Bright Solitons in a Bose-Einstein Condensate

Bright solitons in a Bose-Einstein condensate have been created and observed for the first time, yielding a stunning new demonstration of the wavelike behavior of atoms and providing an important tool for eventual technological applications of BECs.

First observed on the surface of a narrow canal in 1834, a soliton is a group of waves combining in such a way to form a single composite wave that can travel for long distances without spreading out or losing its original shape.

Solitons can occur in all kinds of waves; for example, they have been thoroughly studied in sound waves and light waves. In fact, soliton light waves are currently employed in telecommunications.

Solitons can exist in BECs too. Since a BEC consists of ultracold atoms all in the same quantum state, it exhibits wavelike behavior and therefore can be considered as a single atom wave. However, the BEC atom wave usually spreads apart or "disperses" shortly after the BEC is released from a trap.

Nonetheless, in previous BEC experiments (such as Burger et al., Phys. Rev. Lett., 20 December 1999), researchers have observed "dark solitons," representing absences of atoms that can propagate without changing shape in a condensate.

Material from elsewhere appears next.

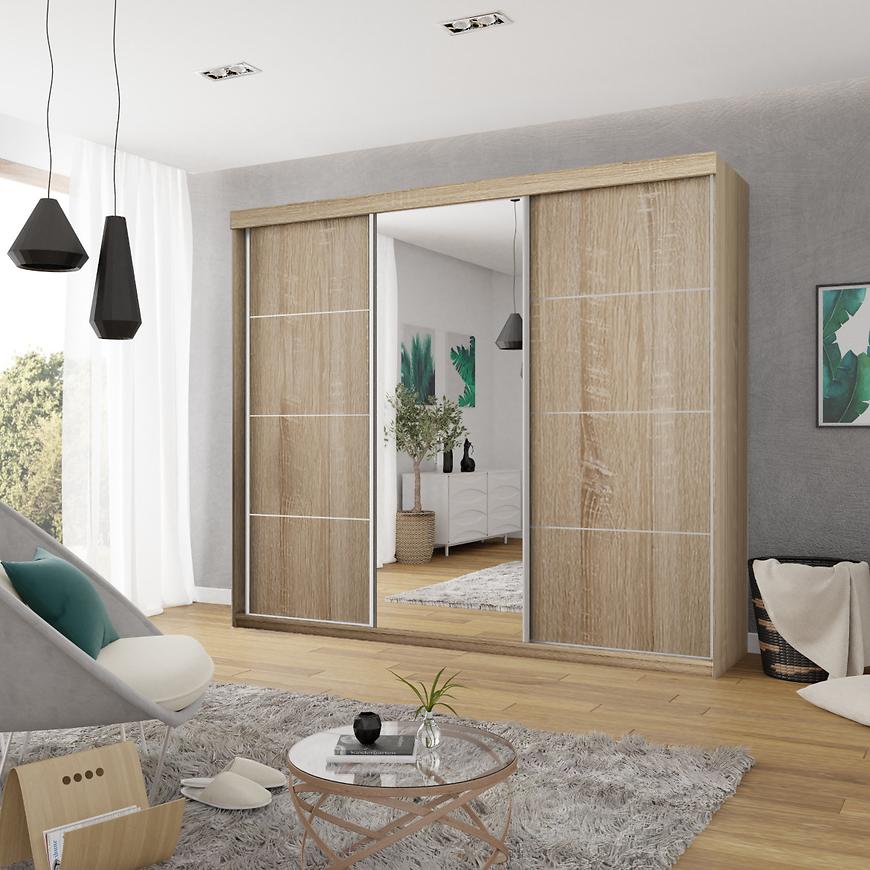 Szafa Top 23 Plus 250 w wyrafinowanym dębie sonoma to nie tylko praktyczne miejsce do przechowywania, ale również elegancki element wystroju wnętrza, który doskonale wpisuje się w nowoczesne trendy aranżacyjne. Z trzema drzwiami przesuwnymi, ta szafa zapewnia obszerną przestrzeń przechowywania, jednocześnie dodając charakteru i stylu pomieszczeniu.

Now, in a BEC of lithium atoms, a Rice University team (Randy Hulet, 713-348-6087, randy@atomcool.rice.edu) has produced "bright" solitons, each representing a condensate of actual atoms extracted from the main BEC. In effect, the bright solitons are individual atom waves broken off from the main BEC atom wave. Using a narrow laser beam to guide BEC atoms in a single-file line, the Rice team tailored the interactions between lithium atoms to be attractive so that the atoms' attraction for one another perfectly offset their predisposition to spread out. With their technique, the Rice researchers have created "trains" of up to 15 solitons (Strecker et al., Nature, 9 May 2002 print issue and see figure; this work will also be presented in papers G1.011 and R1.001 at the upcoming APS Division of Atomic, Molecular, and Optical Physics (DAMOP) meeting in Williamsburg from May 29-June 1.)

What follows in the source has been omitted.